一生のお願い

3/4
0人が本棚に入れています
本棚に追加
/4ページ
私は訳がわからないまま、家まで帰った。私の様子にお母さんは心配したが、適当な理由でごまかして部屋にこもった。夕食は食べなかった。 ほとんど眠れなかった私をお母さんは心配したが、なんとかパン一枚を胃に入れて家を飛び出していた。
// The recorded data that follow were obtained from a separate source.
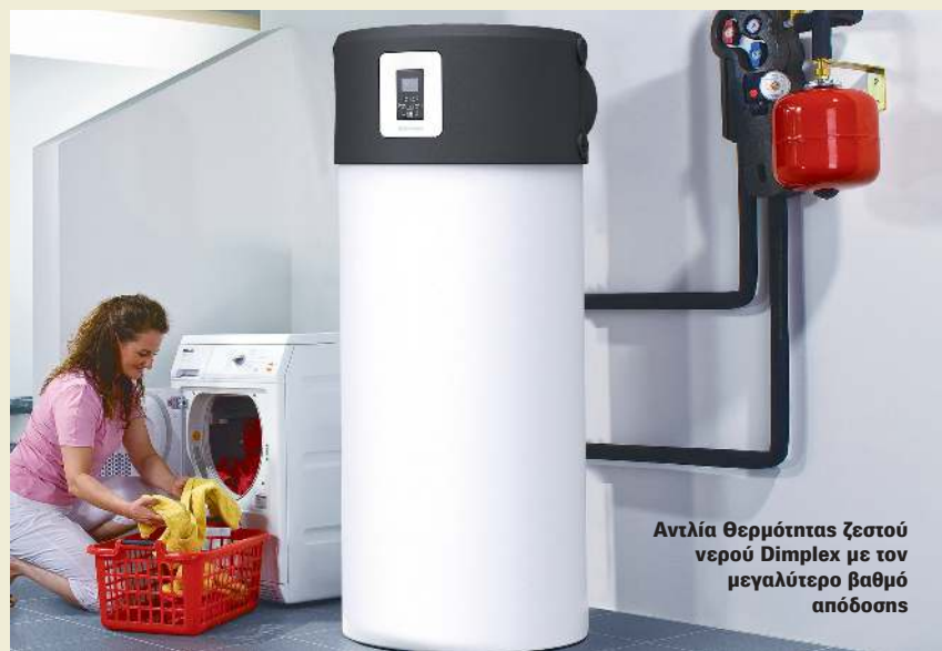
Αντλία Θερμότητας ζεστού νερού Dimplex με τον μεγαλύτερο βαθμό απόδοσης

Για να απαντήσω λοιπόν στην σωστή σας παρατήρηση, οι Αντλίες Θερμότητας για εμάς έχουν ιδιαίτερη σημασία καθώς αποτελούν την πιο σύγχρονη τεχνολογία για την θέρμανση και ψύξη ενός κυρίου και φυσικά επειδή νιώθουμε σίγουροι για την ποιοτική ανωτερότητα της DIMPLEX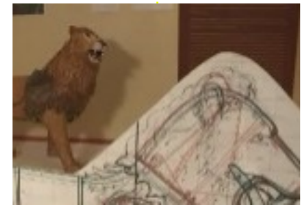
lion de léonard de vinci 1515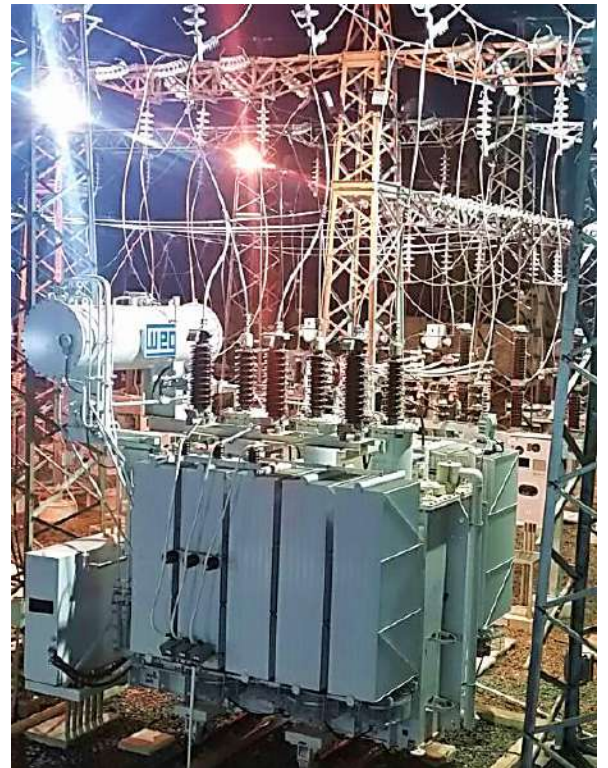
Ampliación de la Subestación HERNANDARIAS Licitación Pública Internacional ANDE N° 914/2013 - Lote 4 - BONOS I

昨日のうちに彼女の携帯に電話しとけばよかったのだが、どう説明すればいいのか、検討もつかなかった。今日はあの言葉を言わないでほしいと願うばかりだった。 「お願い」 下駄箱であった親友はいきなり私に手を合わせた。 「ごめん」 私は慌てて靴を履き替え教室に向かった。呆気にとられているであろう親友から離れなければならなかった。 屋上で一人お弁当を食べていると親友が息を切らして現れた。 「何で避けるのよ。私何かした?」 休憩時間には雲隠れして4時間目の授業が終わると弁当箱を持って飛び出した。親友の彼女は私を必死に探してここにたどり着いたのだろう。胸が痛んだ。でも、あの言葉を言えば彼女が胸を痛ませることになる。 「聞いて」 私は悲痛な表情を浮かべる彼女に事情を説明した。 「何バカなこと言ってるの」 彼女は私の言うことを信じようとしなかった。冷静に考えると信じてる私の方がおかしいのかもしれない。でも、私は本当に彼女が心配だった。一生のお願いは一度だけしかできない。だから、もう一生のお願いをしないでと伝えた。私があまりにも真剣にだったからか、彼女はうなずいた。 「嫌われたのかと思った」 そう言って、彼女は涙ぐんだ。
/4ページ

最初のコメントを投稿しよう!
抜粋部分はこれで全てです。